A Corte Especial do Superior Tribunal de Justiça (STJ) reafirmou, em recente decisão, a invalidez da citação de réus por meio do aplicativo WhatsApp em ações que versam sobre questões de estado, como divórcios e questões familiares. O colegiado fundamentou-se no artigo 247, inciso I, do Código de Processo Civil (CPC), que especifica a necessidade da citação pessoal em tais casos.
Essa posição resulta na impossibilidade de homologação de sentenças estrangeiras de divórcio, destacando que a regularidade do ato citatório é essencial para garantir a execução de obrigações decorrentes, como pensões alimentícias.
No recurso analisado, o recorrente sustentou que uma certidão apresentada aos autos era válida para a citação, alegando que um oficial de justiça havia conversado com o réu via chamada de voz pelo WhatsApp.

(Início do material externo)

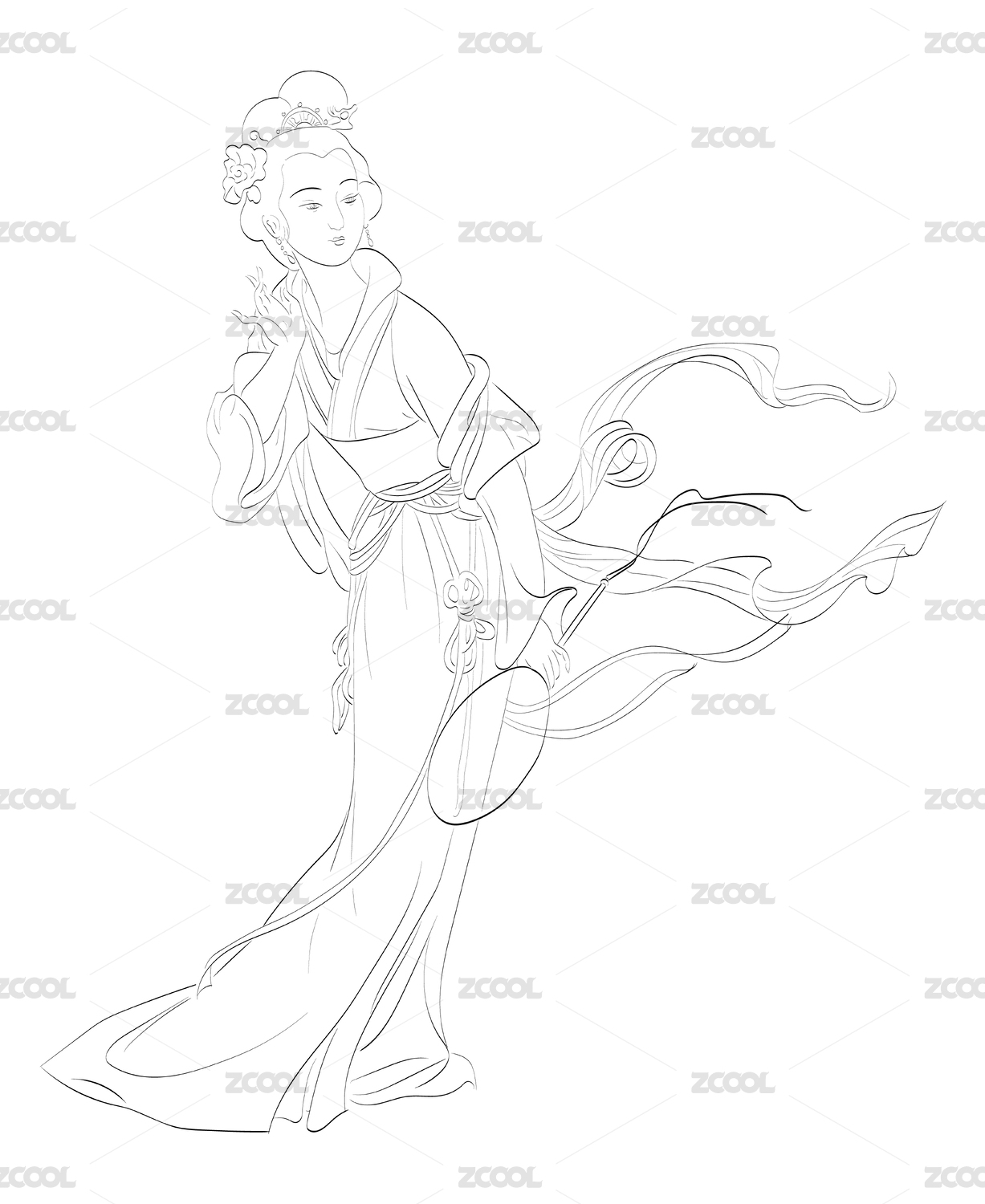 传统的东方女性 简约线条插画
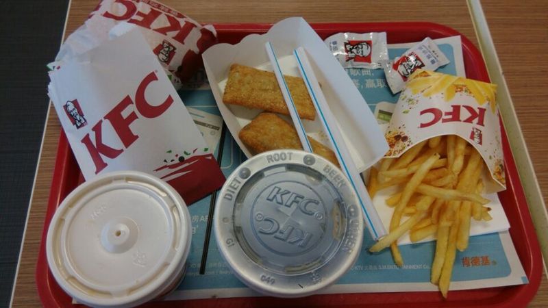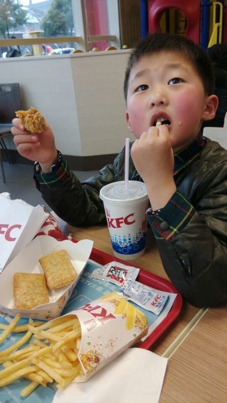 到了肯德基,点点和妹妹就去滑滑梯的地方玩了,我就去买点点吃的东西,因为现在还没有开始上学,肯德基里面点餐的人真的很多,我的手机流量也没有了,所以就只能让旁边的小伙子告诉我电子优惠券的编号,然后我就记住那些编号,这样点餐就可以便宜几元钱吧,我点了C18,C19,C20,C21,有薯条,蜂蜜柚子茶,还有可乐,,红豆派,鸡翅和一个汉堡,点点吃点红豆派和汉堡就可以了,饮料就吃可乐。

Ele argumentou ainda que, visando à efetividade do processo, seria razoável flexibilizar o formalismo da citação, uma vez que o réu teria ciência da demanda.

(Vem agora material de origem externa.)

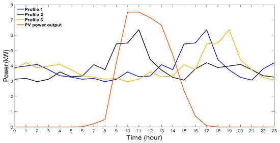 The load profile is based on real data obtained from a home located in Riyadh, Saudi Arabia, and was recorded by the Saudi Electricity Company. In this study, three load profiles were considered to make the overvoltage and undervoltage phenomena in the LV distribution system more pronounced and account for load profile diversity. Therefore, load profile 1, shown in Figure 4, is time-shifted back by seven hours to form load profile 2 and two hours later to form load profile 3. These load profiles are then randomly distributed to represent the load at each bus. The PV output power is scaled down from real-time data collected from the 120 kWp PV system placed on a rooftop of a mosque in Riyadh city. This location is operated by both King Abdelaziz City for Science and Technology and the Saudi Electricity Company. The PV output data gathered from the unit are in 1-h intervals for the period between 3 June 2017–31 August 2018. The time resolution of the load and the PV power is 1 h, and their profiles on 31 January 2018 are shown in Figure 4. The PV inverters are assumed to operate at a unity power factor. This study assumes that the utility has ownership of the PV systems and BESS. Therefore, these devices are fully controlled by the utility to prevent the voltage in the distribution systems.
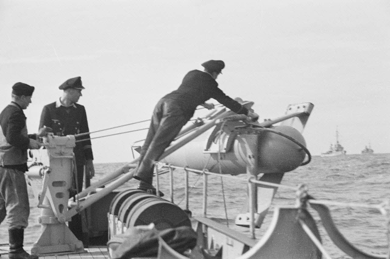En vue de la destruction de mines, une patrouille de dragueurs de mines (Minensuchboot) de la Kriegsmarine.
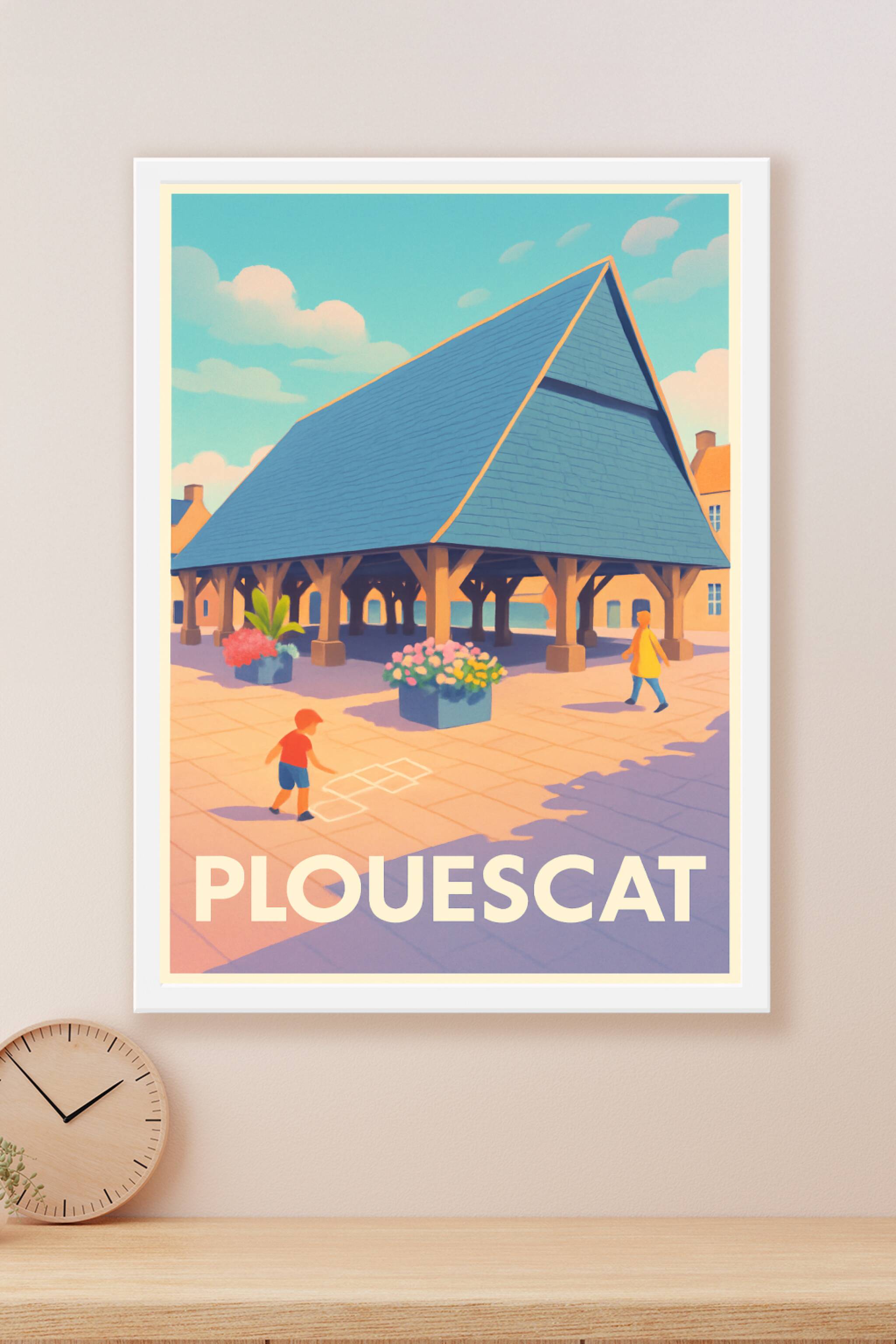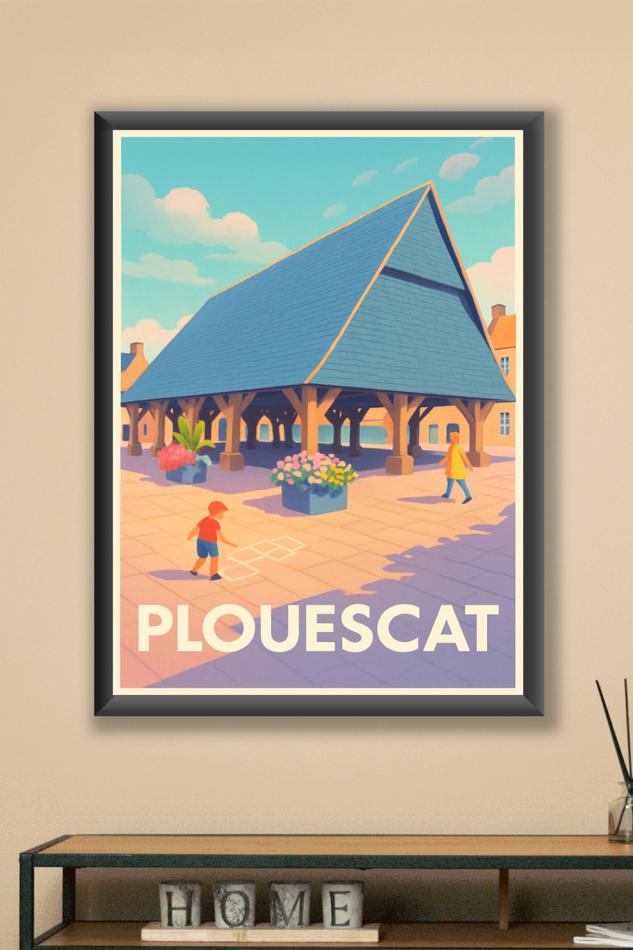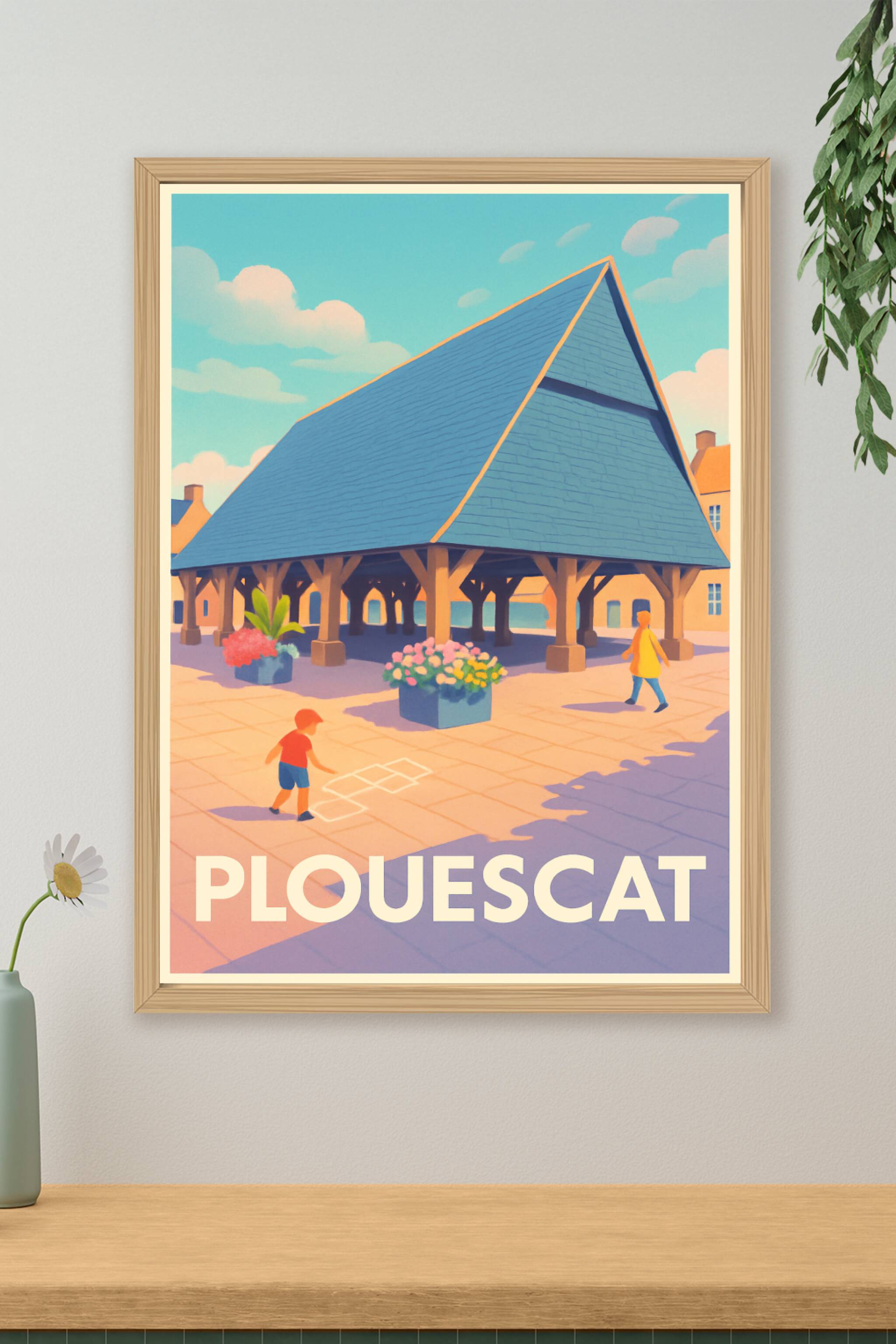 Découvrez l'atmosphère paisible et authentique de Plouescat avec cette affiche illustrée qui capture une scène typique du marché sous la halle bois...
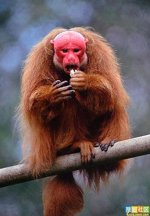 赤禿猴 這種猿擁有令人震驚的紅腦袋,因此南美洲的人給它起了個(gè)有趣的綽號“英國猴”,這是為了紀(jì)念第一批前往它們的國土,被太陽曬的滿臉通紅的英國人。 發(fā)現(xiàn)地 在巴西、秘魯和哥倫比亞森林深處都能找到赤禿猴。“暗礁和雨林”(www.reefandrainforest.co.uk)可以組織前往巴西的偏遠(yuǎn)保護(hù)區(qū)——馬米拉瓦可持續(xù)發(fā)展保護(hù)區(qū)的旅行,前往那里的游客如果幸運(yùn)的話,能夠看到赤禿猴。在附近地區(qū)發(fā)現(xiàn)的其他動(dòng)物包括三趾樹懶、黑松鼠猴和粉河豚。
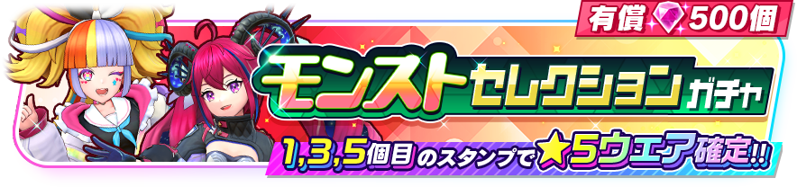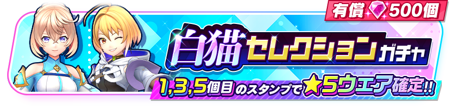 「モンストセレクションガチャ」からはジャック・ザ・リッパー(CV:高橋李依)、ラプラス(CV:鬼頭明里)の2キャラクターのみ、「白猫セレクションガチャ」からエレノア(CV:石見舞菜香)、ウィズ(CV:田村ゆかり)の2キャラクターのみの★5ウェアが登場予定です。本ガチャは有償ジュエル500個限定で5回までまわすことができ、1回目、3回目、5回目のスタンプでは★5ウェアが確定となります。それぞれのキャラクターは限定ウェアも登場します。

Entretanto, o presidente do STJ, ministro Herman Benjamin, relator do caso, destacou em seu voto que a conversa pelo aplicativo não configura uma citação pessoal válida, conforme exigido pelo CPC. O ministro afirmou que “não é possível acatar o pedido para que a citação ocorra por mensagem de texto” via WhatsApp.

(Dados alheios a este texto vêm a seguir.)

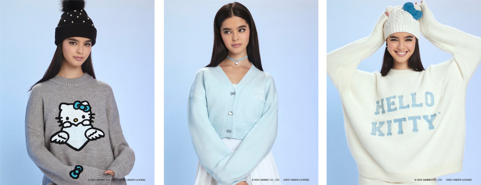 ハートの後ろから覗いたキティがデザインされたワッペンニット、キティとリボンがボタンになったブルーカーディガン、ハートとリボンの装飾が可愛いネックレスなどサンリオ好きな方はもちろん、「FOREVER 21」が好きな方にも必見のコレクションアイテムです。
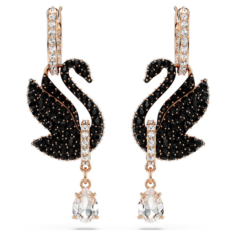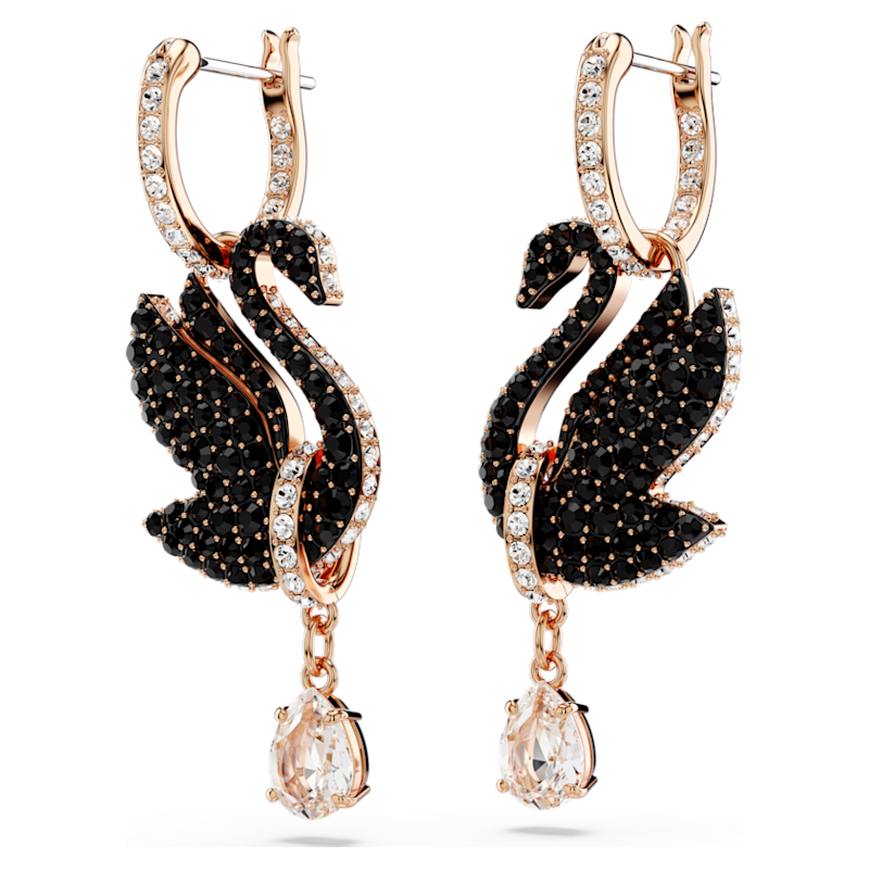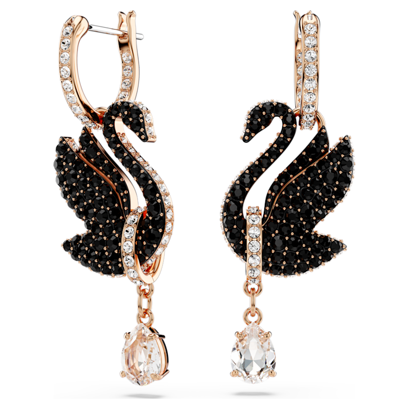 Orecchini pendenti Swan, Cigno, Neri, Placcato color oro rosa
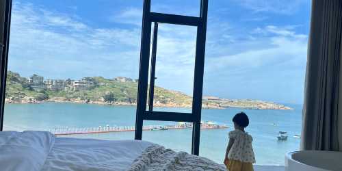海天之城民宿真的絕了 躺在床上就能看日出 超大落地窗正對猴研島 下樓就是私人沙灘 房間乾淨到發光 投影儀+乾濕分離衞生間 泡在浴缸裏看日落浪漫哭了 管家服務超貼心 免費下午茶好吃又好拍 步行10分鐘到68海里景區 位置真的太方便了

Ele também enfatizou a rigidez do STJ em relação aos requisitos para a homologação de decisões estrangeiras no Brasil, conforme previsto na Lei de Introdução às Normas do Direito Brasileiro (LINDB), no CPC e no Regimento Interno do STJ. Essa rigorosidade se mantém, mesmo quando o réu não apresenta defesa.
O número do processo não foi divulgado devido ao segredo judicial.